Overview
PhishER is a lightweight security orchestration, automation, and response (SOAR) platform from KnowBe4 that orchestrates threat response and manages a high volume of potentially malicious email messages reported by users.
Blumira’s integration with PhishER allows you to forward event data from PhishER directly to your Blumira sensor. You can centralize logs and leverage Blumira’s security insight to detect and respond to threats.
Before you begin
This integration requires a Blumira sensor to be installed before you can complete the steps below. Ensure that you complete the steps in Building a Blumira sensor with Ubuntu before you continue.
Gather the IP address of your Blumira sensor to use when configuring the external service.
To find and copy the IP address of the sensor, do the following:
- In Blumira, navigate to Settings > Sensors.
- Click the sensor row to open the details page.
- Under Overview, in the Host Details box, copy the IP value.
Forwarding to a Sensor
You can use PhishER's Syslog integration option to log when actions are triggered in your PhishER platform.
To integrate Blumira with KnowBe4 PhishER using Syslog:
- In the PhishER platform, verify that you have PhishRIP enabled or enable it before continuing to the next step.
- Navigate to PhishER > Settings > Integrations.
- Select Syslog.
- Click New Syslog in the top-right.
-
In the Add Syslog Settings window:
- In the Name box, type the name you want to assign your Syslog server, such as "PhishER-Blumira."
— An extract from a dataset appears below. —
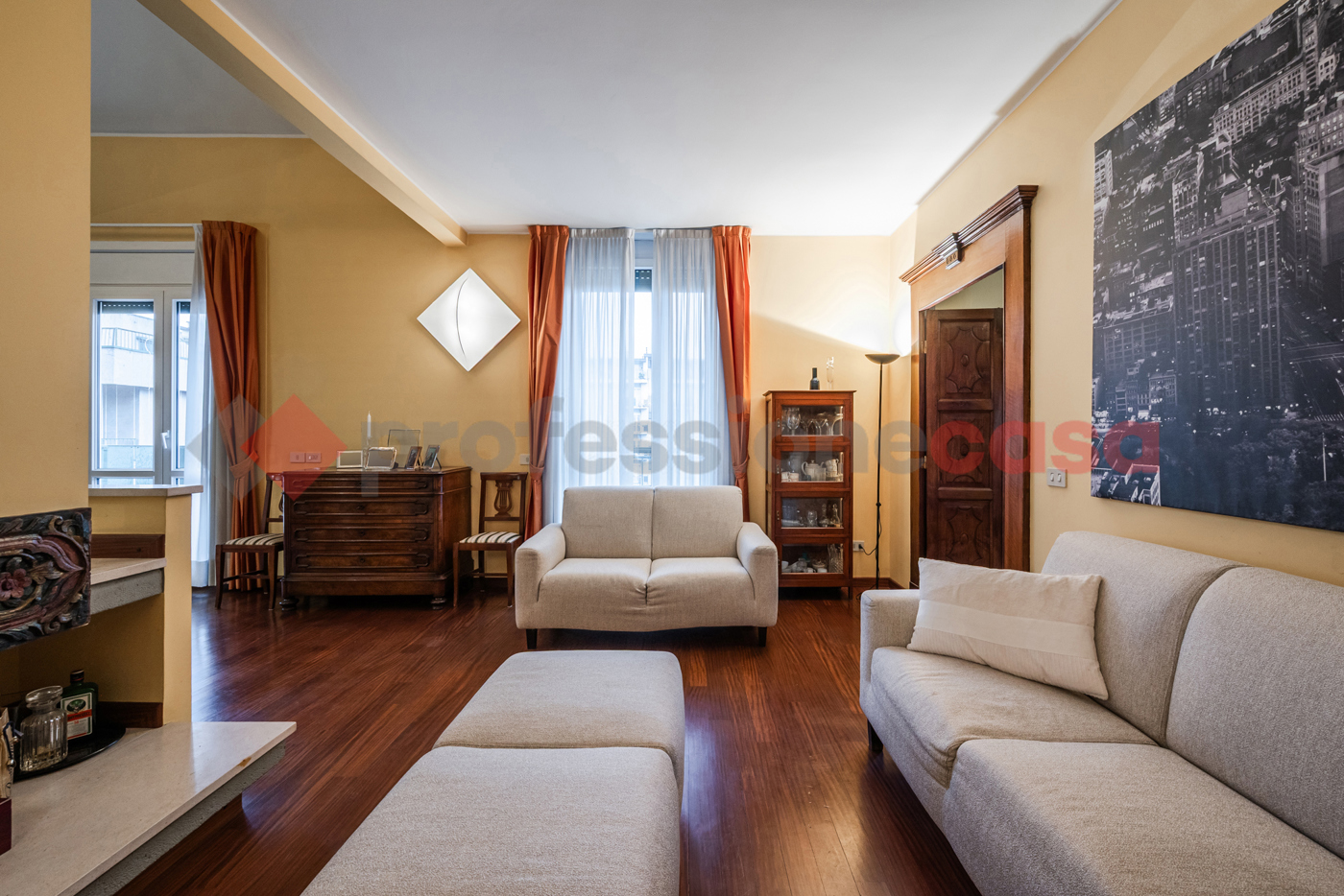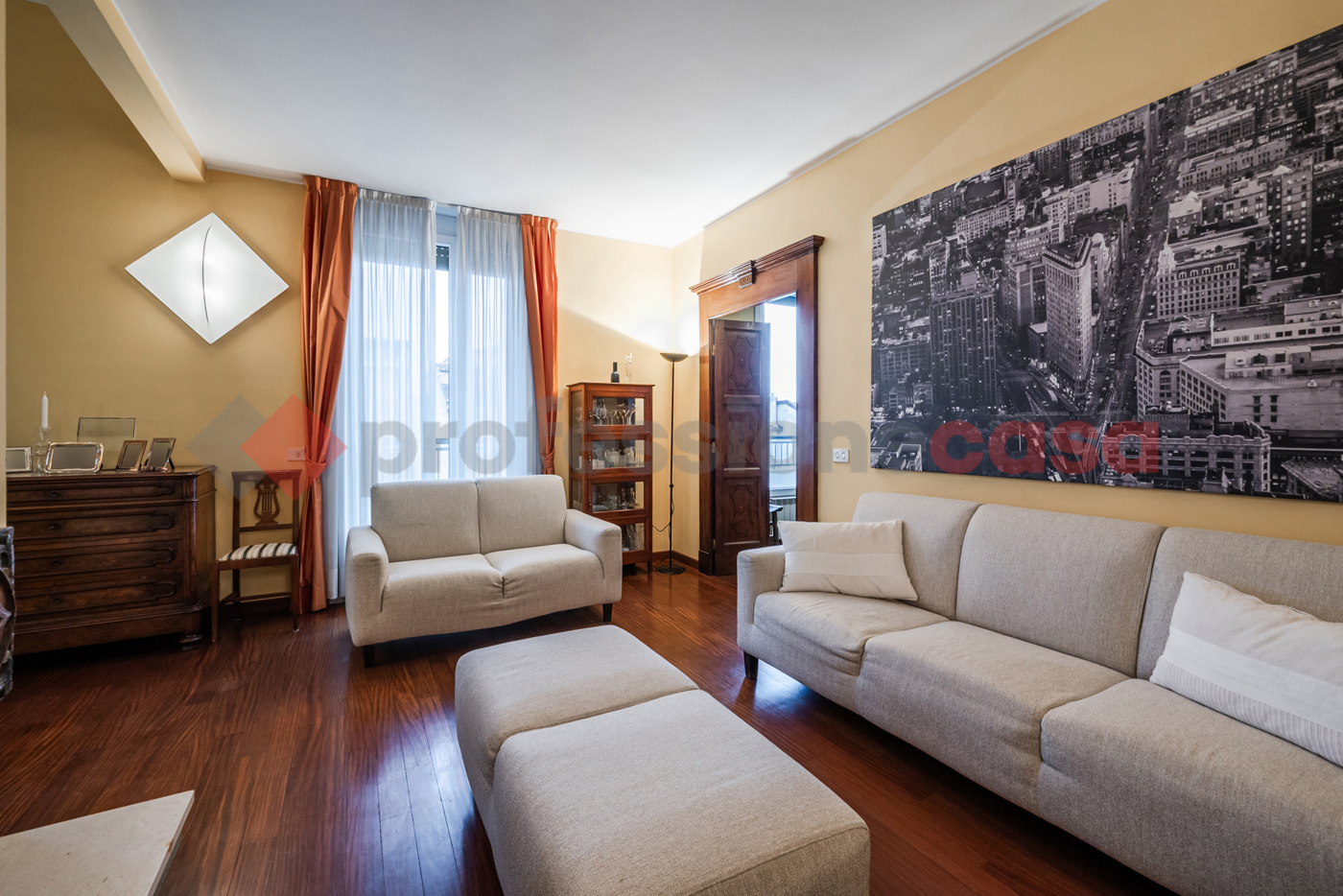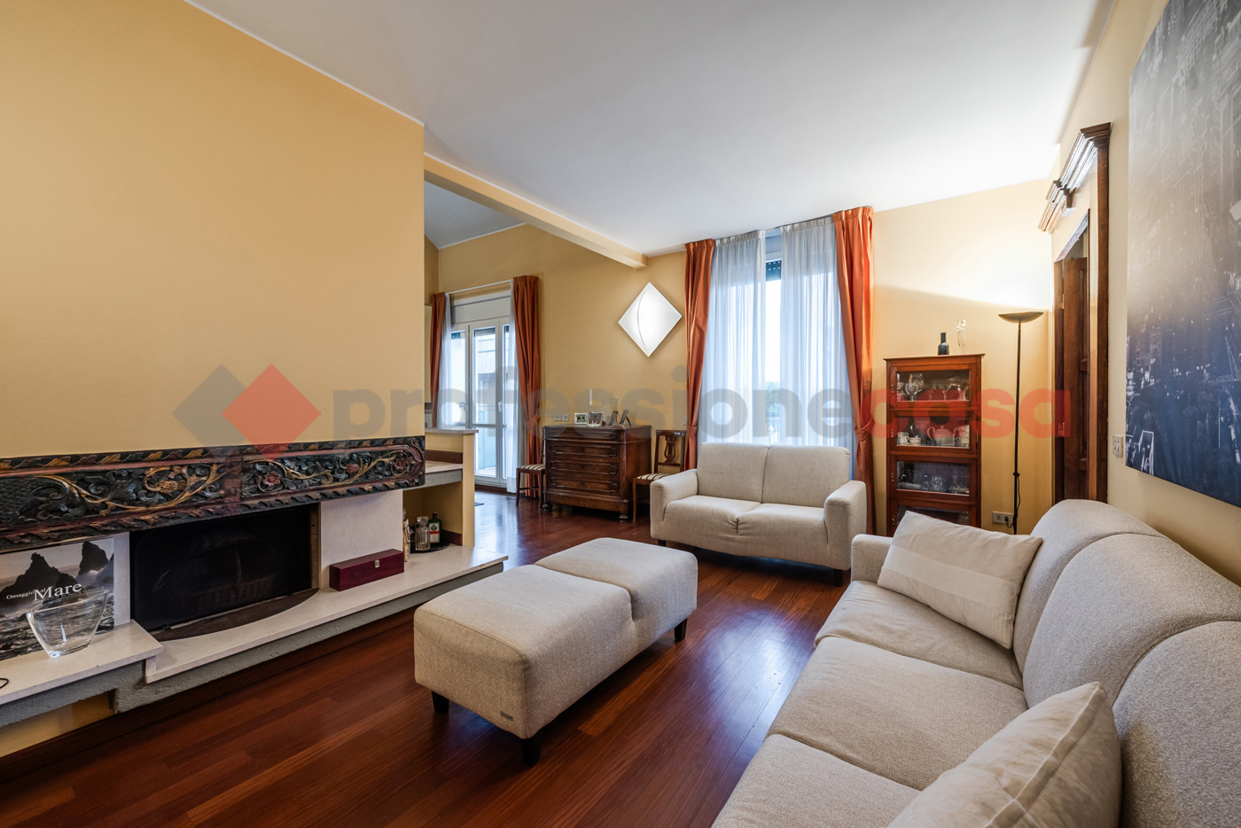 Lingresso conduce a una zona living spettacolare a doppia altezza, con ampie vetrate e affacci completamente interni e riservati, che garantiscono tranquillit e privacy.

- In the Protocol menu, select TLS.
- In the Host box, type the IP address of your Syslog server (i.e., the Blumira sensor).
- In the Port box, type 6514 for the port number of your Syslog server.
- In the Format menu, select JSON as the output format.
- In Blumira, navigate to Settings > Sensors > Sensor details > Logging Devices > Logger Module.
- Click Edit.
- In the Edit Module window, select Update Parameters from the dropdown list.
-
Configure a private key and certificate, then click Apply.